Nöbetçi revizör olan Fındık Naci dizinin sonundan başına, tren şefi
Koca Ömer ile Atçı Hüseyin dizinin başından sona doğru fren muayenesine
başladılar. Fındık Naci’nin elinde uzun saplı çekiç ile kâh tekerlere
vuruyor, kâh ayağının tabanı ile sabo ve çarığa vurarak tren şefi ve
gardfrene doğru gidiyordu. Koca Ömer ise Atçı Hüseyin ile birlikte
Fındık Naci’ye doğru giderken, yanından geçtiği vagonu pür dikkat
inceliyor, arası gergin olan vagonlar için gardfren aAçı Hüseyin’e
koşum takımlarını ayarlaması için talimat veriyor, Hüseyin verilen
talimat çerçevesinde kroşeyi ayarlayıp aradan çıkarak, kKca Ömer ile
fren kontrolünü yapmaya devam ediyorlar. Bu ara vagonların yük, yolcu
ve dolu boş kollarını da ayarlayıp, iptal olan vagon frenlerini de
açmayı ihmal etmiyorlar.
Tren kontrol esnasında Hüseyin yolu üzerine denk gelen patlak topa
öylesine bir tekme atması ve topun, tren şefi koca Ömer’in ayağı ile
karışık pantolonun paçasına denk gelmesi ve pantolonun paçasını
batırması, koca Ömer’in söylenmesine aldırmadan, hatta hafiften de
gülümsemesine vesile oldu. Revizör Fındık Naci, tren şefi Koca Ömer ve
Atçı Hüseyin karşılaştıkları vagonun başında az da olsa ayaküstü iş ile
karışık biraz laflamaları az tebessüm, biraz da kızmalarına neden oldu.
Naci ufacık tefecik olduğundan, kimin taktığını bilmediğimiz “fındık”
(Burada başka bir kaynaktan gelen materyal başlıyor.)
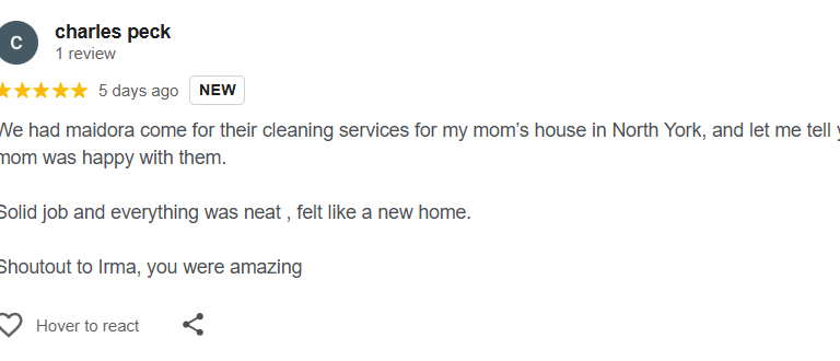 Call Maidora today for reliable cleaning services and maid services in North York. Book Now in 60 seconds!

lakabı ile anılırdı. Tren şefi Ömer ise, iri yarı olduğundan “kKca
Ömer” deniyordu. Hüseyin ise atlara aşırı derece sevgisi olduğundan
“Atçı Hüseyin” diye anılır olmuştu.
Tren muayenesi bittikten sonra Fındık Naci, tren şefi ve gardfrene
hayırlı yolculuklar diledikten sonra, gara yeni giriş yapacak olan tren
için, trenin kabul edileceği yola doğru gitti.
Tren şefi ile gardfren kendi furgunlarına doğru giderlerken bir
taraftan da trenin hazır olduğunu nöbetçi hareket memuruna bildirirler.
Furguna vardıklarında ilk işleri çay demlemek oldu. Çünkü birazdan
Ayvatlar rampasına saracaklar ve rampada yapılan en iyi şeyin taze
demlenmiş çayı içmek olduğunu onlar da biliyorlardı. Derken, vagonların
arasından, genç, filinta ve pırlanta gibi hareket memuru Muzaffer
görünüverdi. Başında kırmızı şapkası elinde de diski ile doğruca
furguna yönelmesi treni göndereceği anlamına geliyordu. Muzaffer
furguna çıkıp, föydomarşa deparı yazıp imzalaması ile aşağı inmesi bir
olmuştu. Makinenin yanına gidip diskin yeşil-beyaz kısmı makinistin
göreceği şekilde tutup ağzındaki düdük ile de bir uzun düdük öttürdü.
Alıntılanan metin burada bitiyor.